En el 93, repite triunfo en Pais Vasco y en una Vuelta agónica frente a Alex Zulle. El penúltimo día llega a Ferrol con mala cara y después de una noche de vómitos, logra aguantar milagrosamente el amarillo en la crono final. Llega a Francia donde le espera un imperial Miguelon. El Navarro deja sentenciada la carrera en la primera crono. El Clas es victima del infortunio y llega con dos abandonos a la cronometrada por equipos. En la individual aun encima, el helvético sale con granizo, mientras que los primeros gozan de buen tiempo. Pero al llegar la montaña Rominger e Indurain destrozan al resto. El ultimo col que se sube es el Tourmalet, y Tony se va con Jaskula. El navarro sufre por detrás y solo un magistral Gorospe le pone un ritmo ideal para evitar el naufragio. Por la cima la ventaja es de un minuto y Rominger se lanza a por todas. Consumado especialista en los descensos, pone la bici a 100. Cuando la camara le enfoca, de repente se ve aparecer un obus con el maiott amarillo. Al llegar a meta un lacónico Indurain comenta "me la tuve que jugar en alguna curvilla". Sin embargo, en la última contrarreloj Rominger da la sorpresa y se lleva la etapa, el segundo puesto de la general y la montaña. El duelo estaba servido para el 94.
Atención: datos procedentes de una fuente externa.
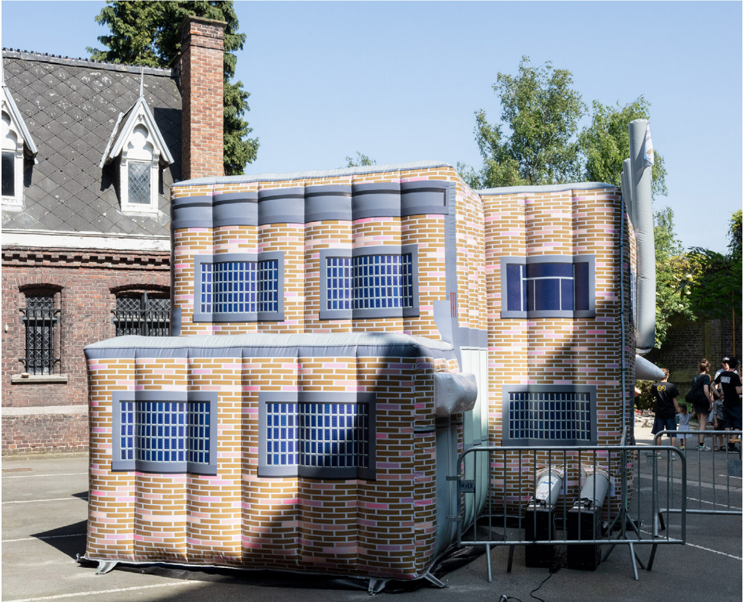
37. W0W19, Roubaix, France
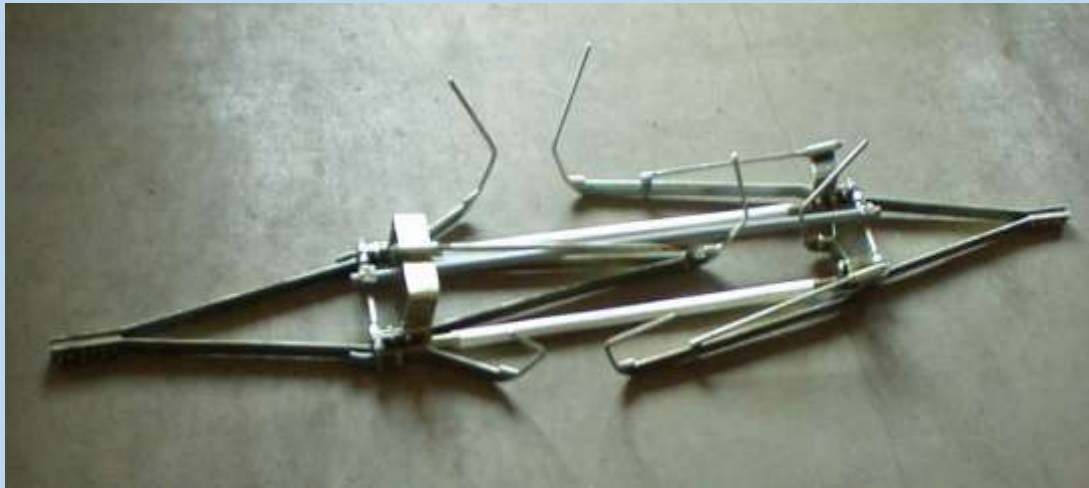
Izolator de sectionare
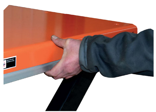
Cadre de sécurité anti-écrasement
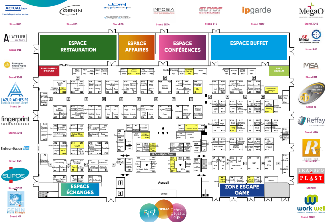
(Plan du salon février 2020)

Exemple : Fiche exposant avec logo + 3 photos
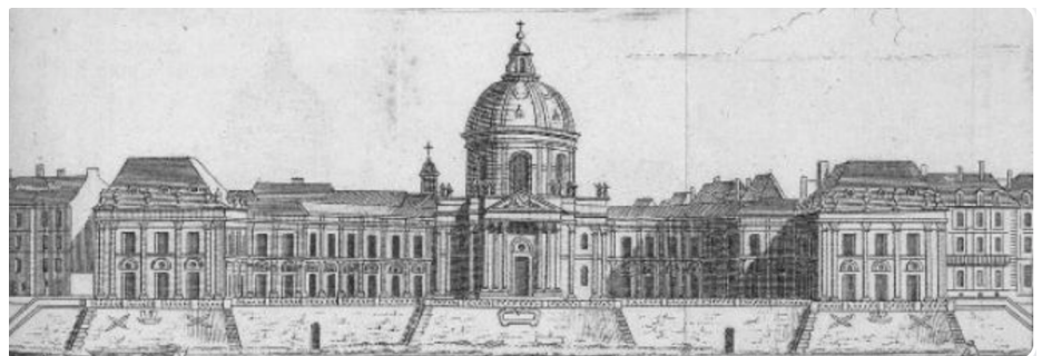
Paris, le palais des Quatre-Nations, siège actuel de l'Académie des Inscriptions et Belles-Lettres.

Ce sont les aspects scientifiques, historiques et politiques qui seront étudiés à partir de l'analyse comparée des deux revues.

1994, Rominger arrasa en la vuelta. Gana seis etapas y deja al resto a galaxias de distancia. Cuando en la entrevista del último día, suelta que ahora mismo esta al nivel de Indurain o mas, Pedro Gonzalez y el orgullo patrio hacen glub. Indu acaba de ser batido en el Giro por los jovenzuelos Berzin y Pantani. Pero en Francia, en la primera subida de la carrera, el inédito Hautacam, Indurain acaba de un supino bofetón con las ilusiones de Rominger, que pierde varios minutos y aturdido, abandona al dia siguiente.
Aunque llegó a recuperarse de ese mazazo, ganado un Giro con autoridad, siendo protagonista del Tour 96 y batiendo dos veces el record de la hora (reto que se puso muy de moda en esos años y por el que tanto él como Induráin renunciaron a algún mundial) el gran Rominger que metía miedo en 1993 y 1994 no se volvió a ver.
Se retiró en 1997 de mala forma, con la clavícula rota en su última intentona de salir amarillo en París. Pero lo hizo con el unanime reconocimiento de sus compañeros que lo veian como un líder absoluto y ambicioso pero muy humano. En Asturias llegó a levantar las mismas pasiones que Fernando Alonso unos años después y sigue gozando del rango de leyenda.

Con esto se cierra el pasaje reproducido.